PHASE II: card validation
Lab validation: coral health measurements
The laboratory validation was conducted in the same experimental tanks and under similar environmental conditions with the identical species (n = 6) but with fewer coral colonies (n = 3) and fewer fragments (n = 6) than the initial experiment. Only four of the 108 fragments were not used in the health analyses due to mortality. No disease was observed during experimentation. Temperature exposure was similar between experiments. Heating experiments were conducted between 23 October to 14 Nov 2018. As in the previous experiment, temperatures were elevated using titanium heaters (Finnex 800 W) at an increase of 0.25–0.5 °C per day. Corals were assessed daily using the Hawaiian Ko‘a Card and removed for health measurements (i.e., PAM, symbiont density, and chlorophyll density), replicating the initial parameter set used in the initial card development.
Field validation
Field validation of the card colors was conducted on shallow reefs on the island of O‘ahu in December 2018 (Fig. 3). To assure the selection of colors were representative of the majority of common Hawaiian coral species and their color and health condition, sites facing all cardinal and intercardinal directions were selected. Site selection criteria were based on the presence of symbiotic corals and site accessibility. Colors of corals were assessed using the underwater field Hawaiian Ko‘a Card prototype. Eleven sites were surveyed on reefs facing northward (site 1–3), eastward (4–6), southward (7–10), and westward (11 and 12) (Fig. 3). The color assessment was conducted by a pair of snorkelers at each site in depths ranging from 0.75 to 4.5 meters.
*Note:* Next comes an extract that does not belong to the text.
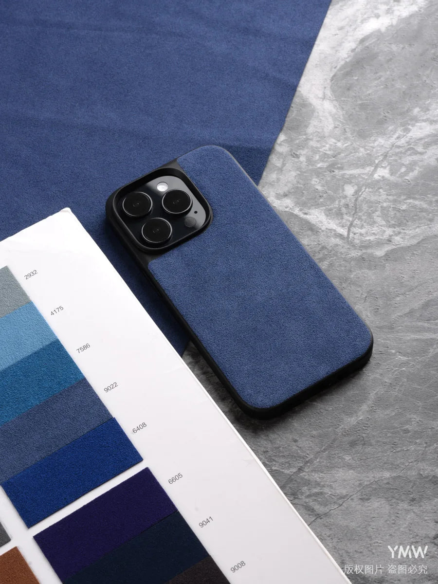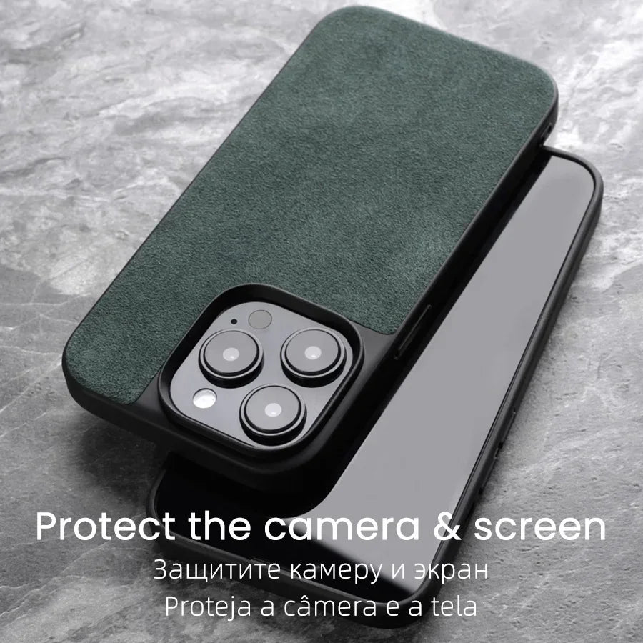 Capa ALCANTARA p/ iPhone 11–16 (Pro/Max) – Luxo, antiderrapante, lavável

Each snorkeler identified species and the most common color of a colony by placing the card adjacent to the coral and recording the corresponding number on the card most similar to the coral color. This color assessment was repeated with multiple individual colonies for the 1h survey duration at each site. Additional data, including observer, date, time and percent cloud cover were recorded. Field validation data were used to re-evaluate the prototype selection of representative colors of corals on shallow reefs.
Observer variation
Field surveys using a range of groups determined the extent of observer bias and error. A group of 20 marine biologists and students used the Hawaiian Koʻa Card to assess the color of nine coral fragments collected from the reef flats of Oʻahu, Hawaiʻi. The assessments were conducted under natural sunlight with corals presented in a black raceway tank (1.5 m × 0.75 m × 0.15 m). The Hawaiian Koʻa Card was submerged underwater next to the coral of interest, while the observer remained above water. The depth of water in which the corals resided in was ~ 0.10 m, minimizing the potential of light and color distoration. While assessments were in progress, internal water flow and aeration to the raceway ceased. Each observer independently determined the majority color of each coral fragment, avoiding tips and cut margins. Observer variation was based on the comparison of the selected color value by each observer to the color value that was selected most frequently for the coral fragment assessed. This will hereafter be referred to as ‘observer precision’. To determine if observer precision is influenced by any extraneous factors, the following was recorded by each observer: age, gender, coral familiarity (never snorkel, snorkel, know coral common names, know coral scientific names), highest level of education (high school, bachelors, advanced degree), and ease of use (easy, medium, difficult). Statistical analyses were performed in R (version i386 3.5.1) using a non-parametric Spearman’s rank correlation.